== GIVEN DATA ==
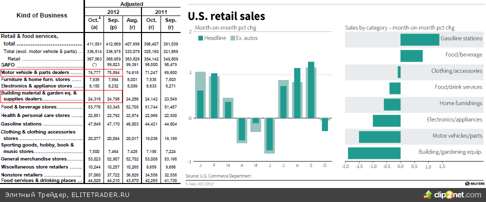 Так по данным Census Bureau объем розничных продаж в октябре сократился на 0,3% до $411,6 млрд. притом, что Минторг не смог собрать информацию из регионов в большей степени пострадавших от урагана Сэнди. Прогноз аналитиков предполагал более скромное сокращение на 0,2%. В то же время сентябрьские цифры были пересмотрены в сторону увеличения с 1,1% до 1,3%, а в годовом выражении в октябре рост составляет 3,8%. Наибольшее сокращение отмечается в подсекторе строительных материалов и садового оборудования (-1,9%) и продажах авто и запчастей (-1,5%).
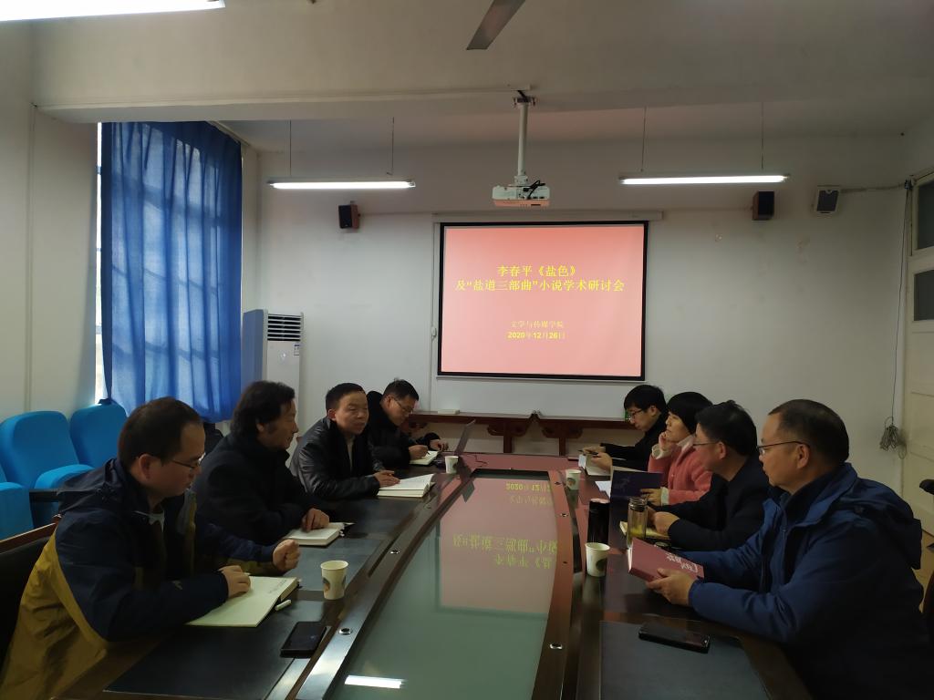 杨经理讲话之后,与会教授和博士围绕《盐色》及“盐道三部曲”的思想和艺术成就,进行了深入交流和探讨。郑继猛教授以“《盐色》的当代价值”为题,探讨了《盐色》对秦巴乡贤文化的挖掘,以及这种挖掘对当代乡村文化振兴的启示价值;周龙田副教授以“无意的忽略:《盐色》的叙事选择”为题,探讨了《盐色》在革命叙事和土匪叙事上的匠心和特色;韩文霞副教授以“‘盐道三部曲’:特异的历史叙事”为题,分析了李春平历史叙事中的日常生活描写,高度肯定了李春平小说对秦巴地域文化的挖掘;曹刚博士以“‘盐道三部曲’的小说美学特征”为题,运用温克尔曼“平淡的崇高、静穆的伟大”观点,分析了《盐色》及“盐道三部曲”的形式美学特征及其当代价值;谭诗民博士以“李春平小说的承与变”为题,分析了“盐道三部曲”对传统小说的继承,及其在空间叙事上的创新拓展;雷升录副教授以“李春平的小说世界”为题,从故事讲述和民间立场两个角度,分析了“盐道三部曲”的艺术特色;崔德全博士以“声音和《盐色》:《盐色》的象征”为题,分析了《盐色》中的词牌名标题与小说思想内容的象征勾连。
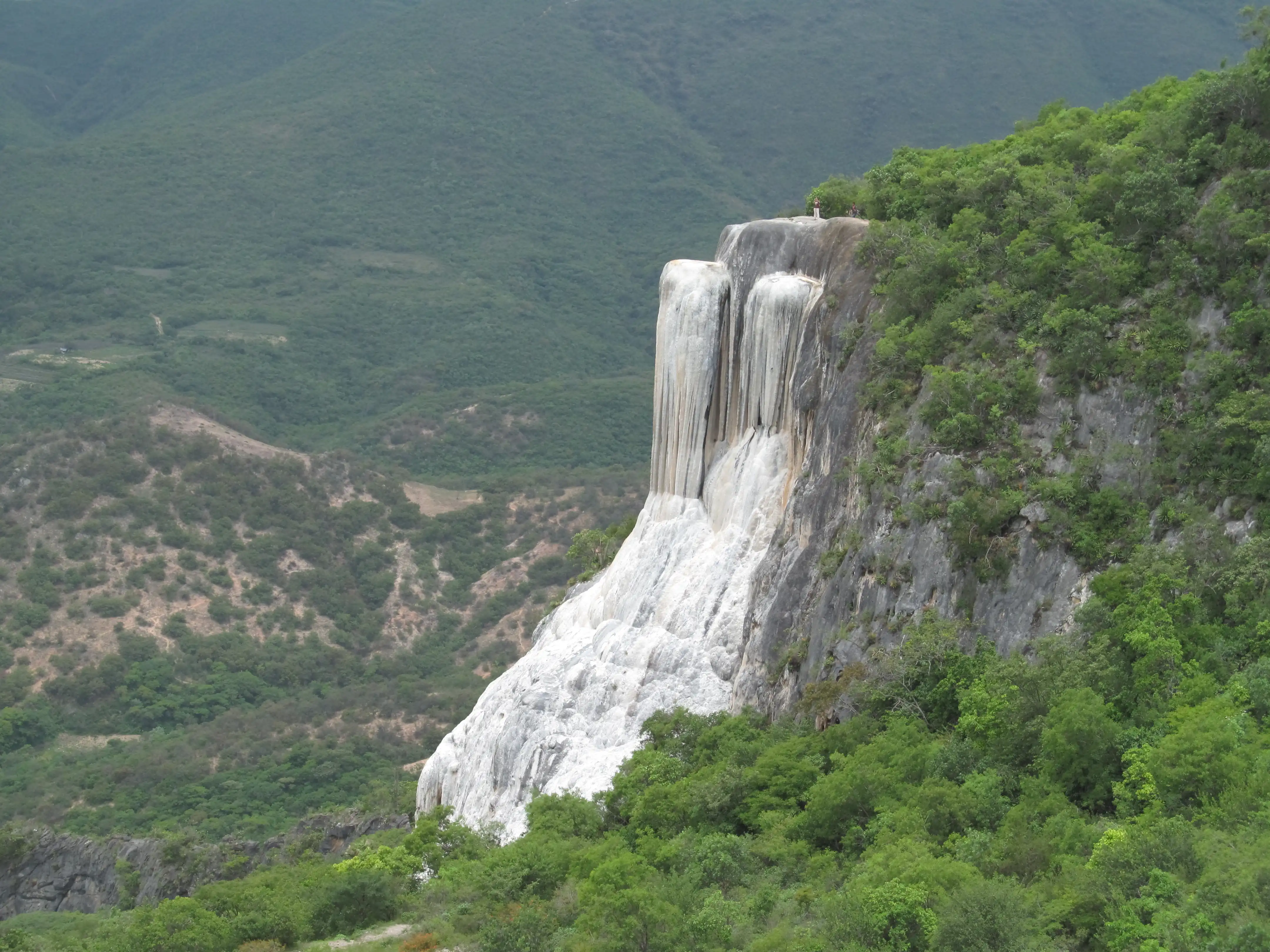 Hierve el Agua es un sistema de cascadas petrificadas, formadas por carbonato de calcio. Las cascadas son de origen natural y se formaron hace miles de años por el escurrimiento de agua con alto contenido de minerales. El lugar se ubica a unos 70 km de la ciudad de Oaxaca, en la población de San Isidro Roaguía, municipio de San Lorenzo Albarradas, estado de Oaxaca, en México, en las cercanías de la zona arqueológica de Mitla y a 630 km de la Ciudad de México. Aún no cuenta con alguna categoría de protección, como área natural protegida o reserva de la biosfera.
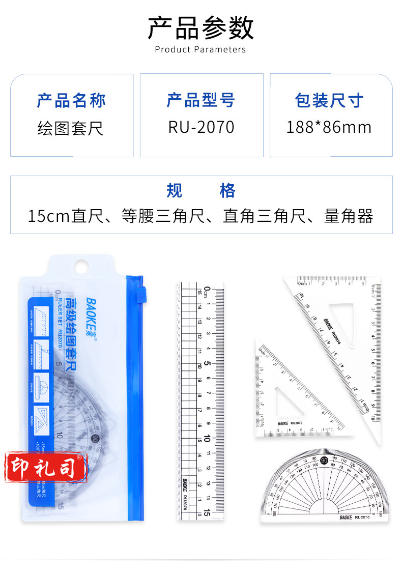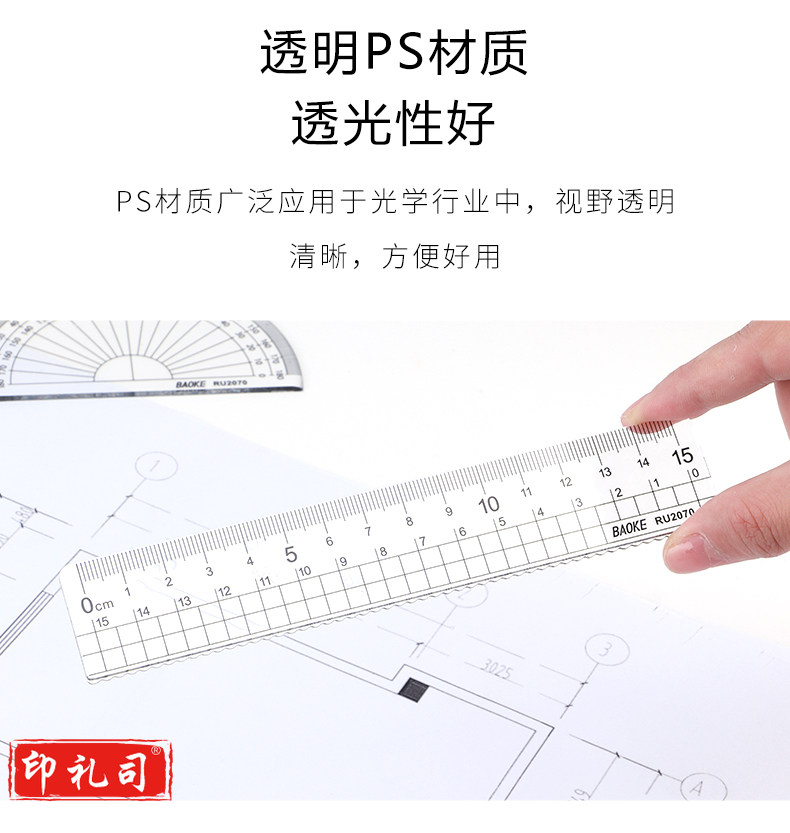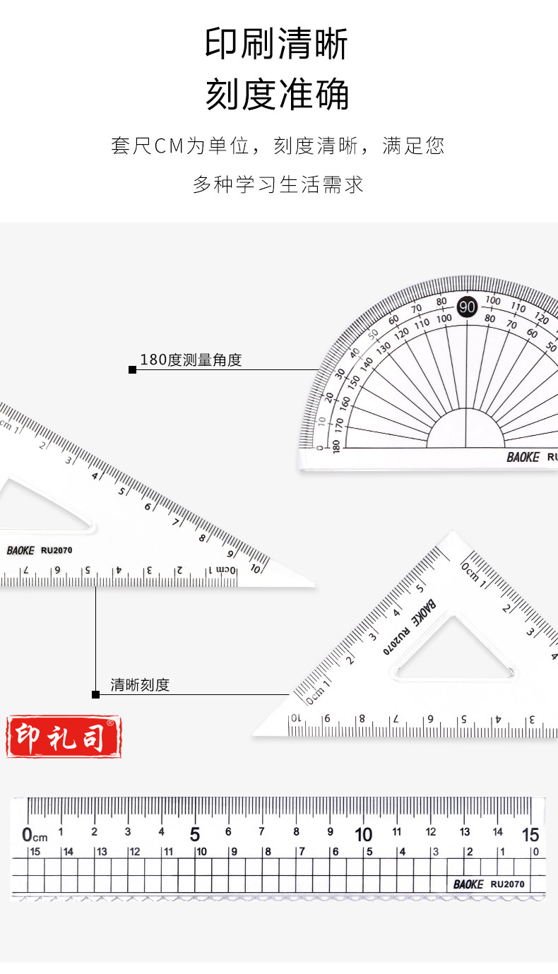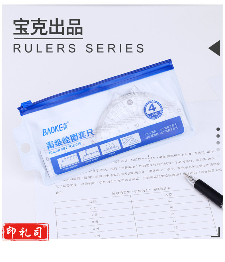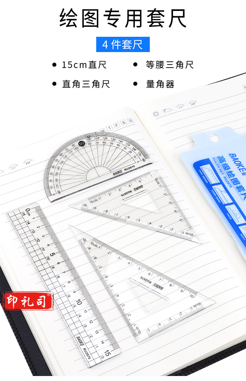 宝克品牌学生考试专用文具套装亚克力尺子套装三角绘图套尺 RU2070(绘图套尺)
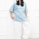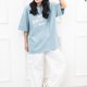 Colette Club 浅蓝落肩短袖上衣 透气舒适,春夏皆宜
===
YOUR OBJECTIVE
Repeat every record above exactly, except the pictures.

RESPONSE BOX
 Так по данным Census Bureau объем розничных продаж в октябре сократился на 0,3% до $411,6 млрд. притом, что Минторг не смог собрать информацию из регионов в большей степени пострадавших от урагана Сэнди. Прогноз аналитиков предполагал более скромное сокращение на 0,2%. В то же время сентябрьские цифры были пересмотрены в сторону увеличения с 1,1% до 1,3%, а в годовом выражении в октябре рост составляет 3,8%. Наибольшее сокращение отмечается в подсекторе строительных материалов и садового оборудования (-1,9%) и продажах авто и запчастей (-1,5%).
 杨经理讲话之后,与会教授和博士围绕《盐色》及“盐道三部曲”的思想和艺术成就,进行了深入交流和探讨。郑继猛教授以“《盐色》的当代价值”为题,探讨了《盐色》对秦巴乡贤文化的挖掘,以及这种挖掘对当代乡村文化振兴的启示价值;周龙田副教授以“无意的忽略:《盐色》的叙事选择”为题,探讨了《盐色》在革命叙事和土匪叙事上的匠心和特色;韩文霞副教授以“‘盐道三部曲’:特异的历史叙事”为题,分析了李春平历史叙事中的日常生活描写,高度肯定了李春平小说对秦巴地域文化的挖掘;曹刚博士以“‘盐道三部曲’的小说美学特征”为题,运用温克尔曼“平淡的崇高、静穆的伟大”观点,分析了《盐色》及“盐道三部曲”的形式美学特征及其当代价值;谭诗民博士以“李春平小说的承与变”为题,分析了“盐道三部曲”对传统小说的继承,及其在空间叙事上的创新拓展;雷升录副教授以“李春平的小说世界”为题,从故事讲述和民间立场两个角度,分析了“盐道三部曲”的艺术特色;崔德全博士以“声音和《盐色》:《盐色》的象征”为题,分析了《盐色》中的词牌名标题与小说思想内容的象征勾连。
 Hierve el Agua es un sistema de cascadas petrificadas, formadas por carbonato de calcio. Las cascadas son de origen natural y se formaron hace miles de años por el escurrimiento de agua con alto contenido de minerales. El lugar se ubica a unos 70 km de la ciudad de Oaxaca, en la población de San Isidro Roaguía, municipio de San Lorenzo Albarradas, estado de Oaxaca, en México, en las cercanías de la zona arqueológica de Mitla y a 630 km de la Ciudad de México. Aún no cuenta con alguna categoría de protección, como área natural protegida o reserva de la biosfera.
 宝克品牌学生考试专用文具套装亚克力尺子套装三角绘图套尺 RU2070(绘图套尺)
 Colette Club 浅蓝落肩短袖上衣 透气舒适,春夏皆宜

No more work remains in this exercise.